View our latest analysis for RareJob

RareJob's Dividend Is Well Covered By Earnings

While yield is important, another factor to consider about a company's dividend is whether the current payout levels are feasible. However, prior to this announcement, RareJob's dividend was comfortably covered by both cash flow and earnings. This means that most of its earnings are being retained to grow the business.

Over the next year, EPS could expand by 61.7% if recent trends continue. If the dividend continues on this path, the payout ratio could be 14% by next year, which we think can be pretty sustainable going forward.

historic-dividend
TSE:6096 Historic Dividend March 12th 2024

RareJob Doesn't Have A Long Payment History

The dividend has been pretty stable looking back, but the company hasn't been paying one for very long. This makes it tough to judge how it would fare through a full economic cycle. The annual payment during the last 3 years was ¥10.00 in 2021, and the most recent fiscal year payment was ¥13.00. This means that it has been growing its distributions at 9.1% per annum over that time. RareJob has a nice track record of dividend growth but we would wait until we see a longer track record before getting too confident.

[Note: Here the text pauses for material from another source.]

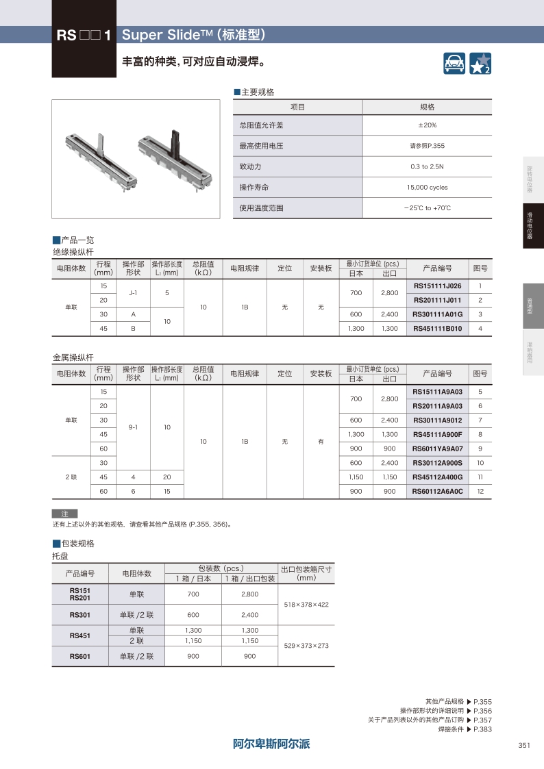 RS301系列——ALPS滑动电位器

The Dividend Looks Likely To Grow

Some investors will be chomping at the bit to buy some of the company's stock based on its dividend history. RareJob has seen EPS rising for the last five years, at 62% per annum. Earnings have been growing rapidly, and with a low payout ratio we think that the company could turn out to be a great dividend stock.

We Really Like RareJob's Dividend

Overall, a dividend increase is always good, and we think that RareJob is a strong income stock thanks to its track record and growing earnings. Earnings are easily covering distributions, and the company is generating plenty of cash. All of these factors considered, we think this has solid potential as a dividend stock.

Market movements attest to how highly valued a consistent dividend policy is compared to one which is more unpredictable. At the same time, there are other factors our readers should be conscious of before pouring capital into a stock. As an example, we've identified 1 warning sign for RareJob that you should be aware of before investing. Looking for more high-yielding dividend ideas? Try our collection of strong dividend payers.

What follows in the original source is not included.